**Supplied data:**
====
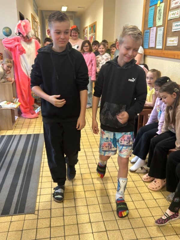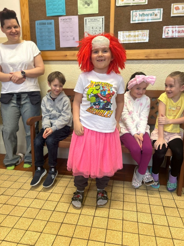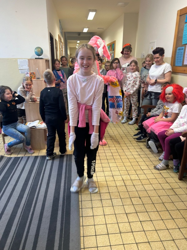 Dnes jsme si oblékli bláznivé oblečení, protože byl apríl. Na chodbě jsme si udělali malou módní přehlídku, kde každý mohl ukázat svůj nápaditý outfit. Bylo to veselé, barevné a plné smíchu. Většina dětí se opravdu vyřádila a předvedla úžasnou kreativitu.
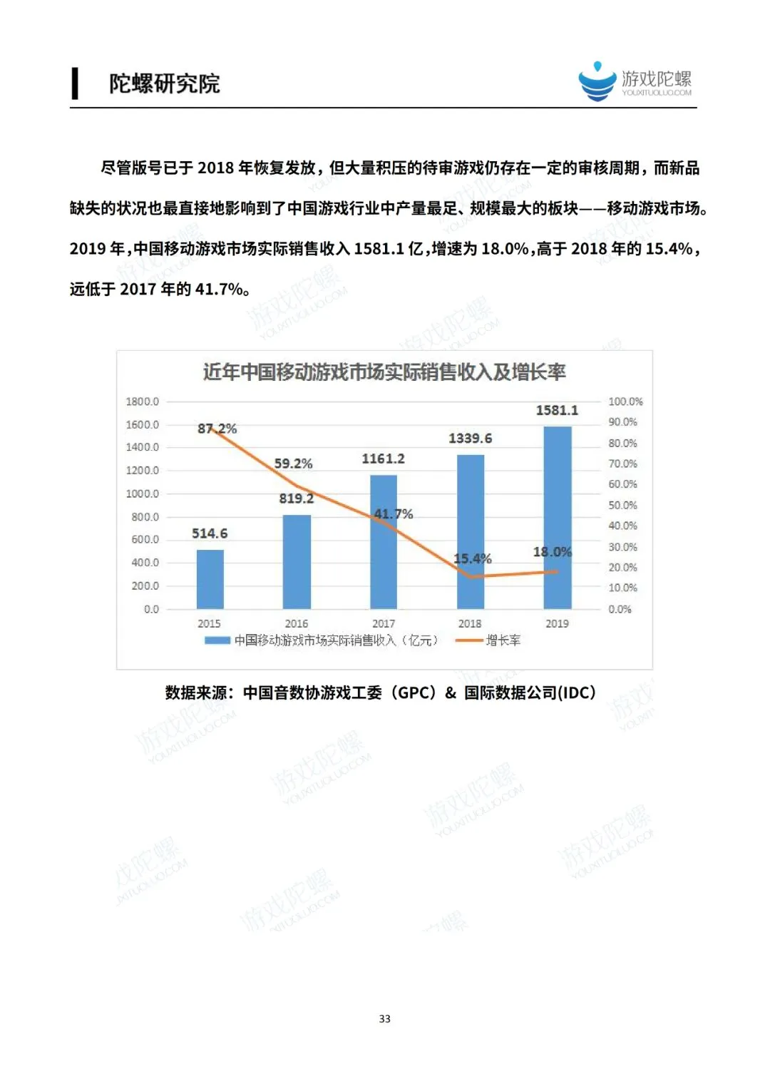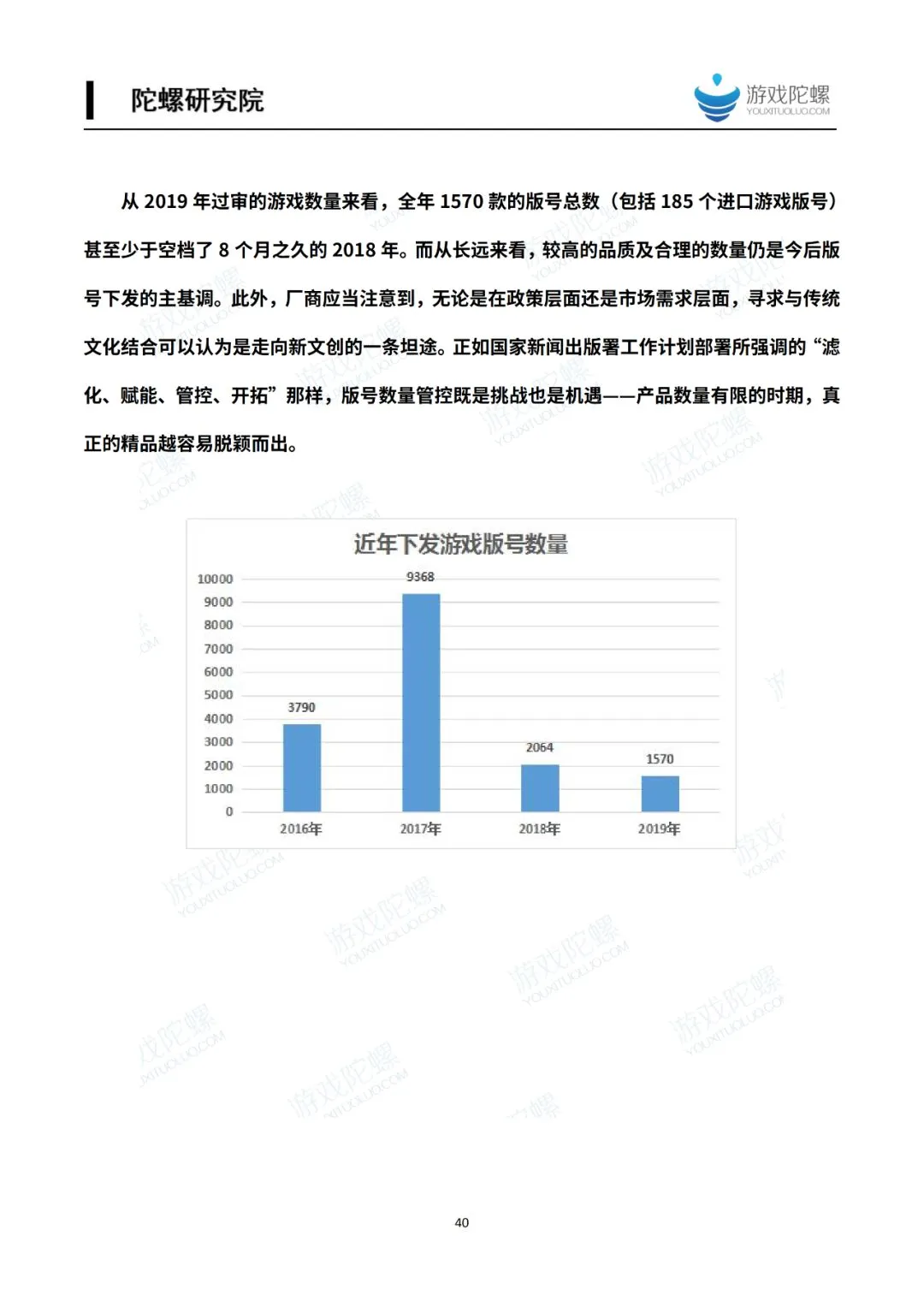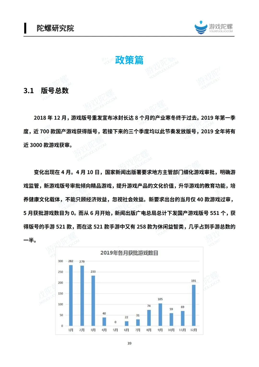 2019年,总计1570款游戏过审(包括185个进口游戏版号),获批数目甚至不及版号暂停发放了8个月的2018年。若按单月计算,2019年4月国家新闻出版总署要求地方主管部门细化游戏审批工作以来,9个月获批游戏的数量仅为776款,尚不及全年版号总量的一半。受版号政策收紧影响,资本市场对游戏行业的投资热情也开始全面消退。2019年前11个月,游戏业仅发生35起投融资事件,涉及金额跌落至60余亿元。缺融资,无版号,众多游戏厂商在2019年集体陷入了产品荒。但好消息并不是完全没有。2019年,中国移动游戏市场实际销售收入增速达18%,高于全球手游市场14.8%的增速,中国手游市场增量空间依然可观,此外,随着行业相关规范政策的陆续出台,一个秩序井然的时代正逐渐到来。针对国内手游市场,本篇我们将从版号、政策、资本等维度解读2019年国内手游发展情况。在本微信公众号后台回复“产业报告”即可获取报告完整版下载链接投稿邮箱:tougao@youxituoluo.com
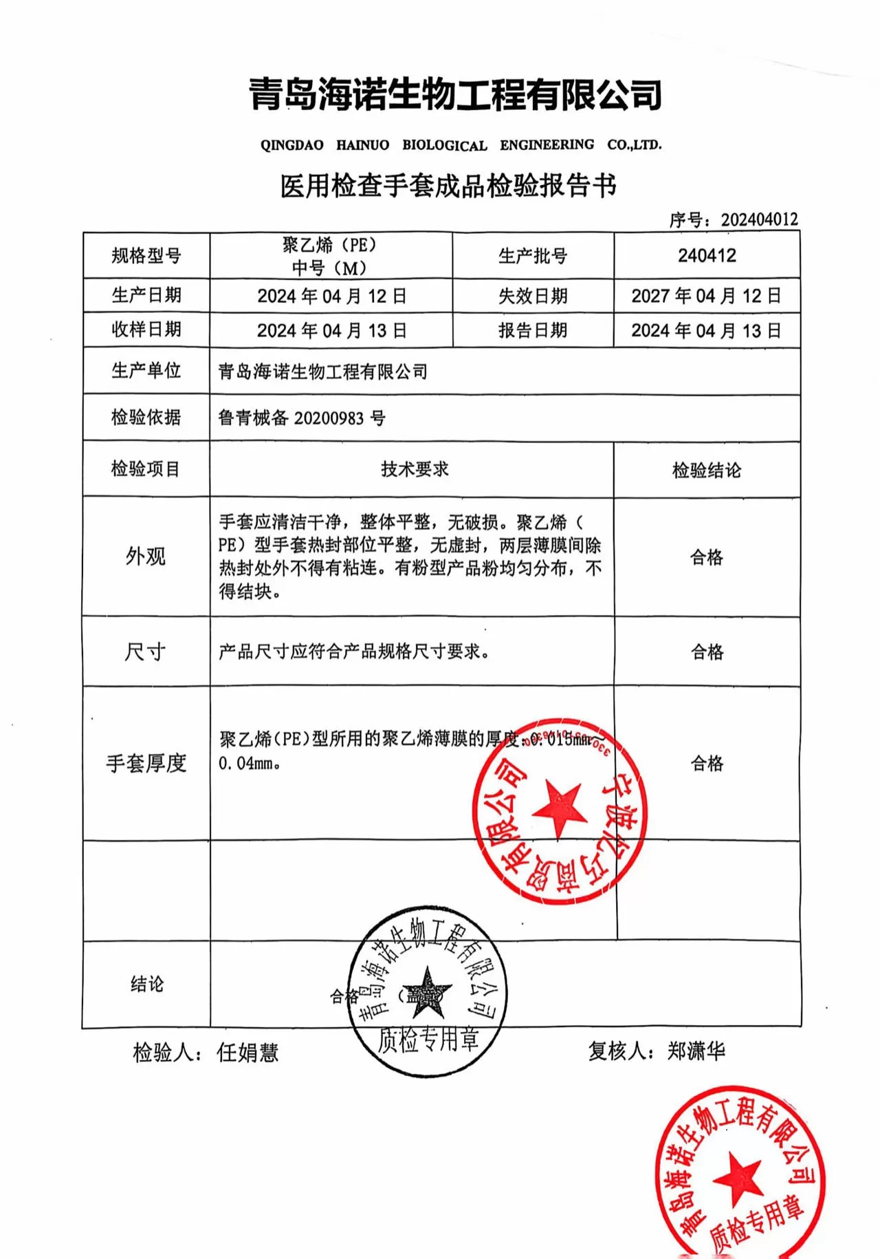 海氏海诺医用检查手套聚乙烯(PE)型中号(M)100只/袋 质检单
====
**Exercise:** Leave the pictures out and copy the rest of the data exactly.

**Output:**
 Dnes jsme si oblékli bláznivé oblečení, protože byl apríl. Na chodbě jsme si udělali malou módní přehlídku, kde každý mohl ukázat svůj nápaditý outfit. Bylo to veselé, barevné a plné smíchu. Většina dětí se opravdu vyřádila a předvedla úžasnou kreativitu.
 2019年,总计1570款游戏过审(包括185个进口游戏版号),获批数目甚至不及版号暂停发放了8个月的2018年。若按单月计算,2019年4月国家新闻出版总署要求地方主管部门细化游戏审批工作以来,9个月获批游戏的数量仅为776款,尚不及全年版号总量的一半。受版号政策收紧影响,资本市场对游戏行业的投资热情也开始全面消退。2019年前11个月,游戏业仅发生35起投融资事件,涉及金额跌落至60余亿元。缺融资,无版号,众多游戏厂商在2019年集体陷入了产品荒。但好消息并不是完全没有。2019年,中国移动游戏市场实际销售收入增速达18%,高于全球手游市场14.8%的增速,中国手游市场增量空间依然可观,此外,随着行业相关规范政策的陆续出台,一个秩序井然的时代正逐渐到来。针对国内手游市场,本篇我们将从版号、政策、资本等维度解读2019年国内手游发展情况。在本微信公众号后台回复“产业报告”即可获取报告完整版下载链接投稿邮箱:tougao@youxituoluo.com
 海氏海诺医用检查手套聚乙烯(PE)型中号(M)100只/袋 质检单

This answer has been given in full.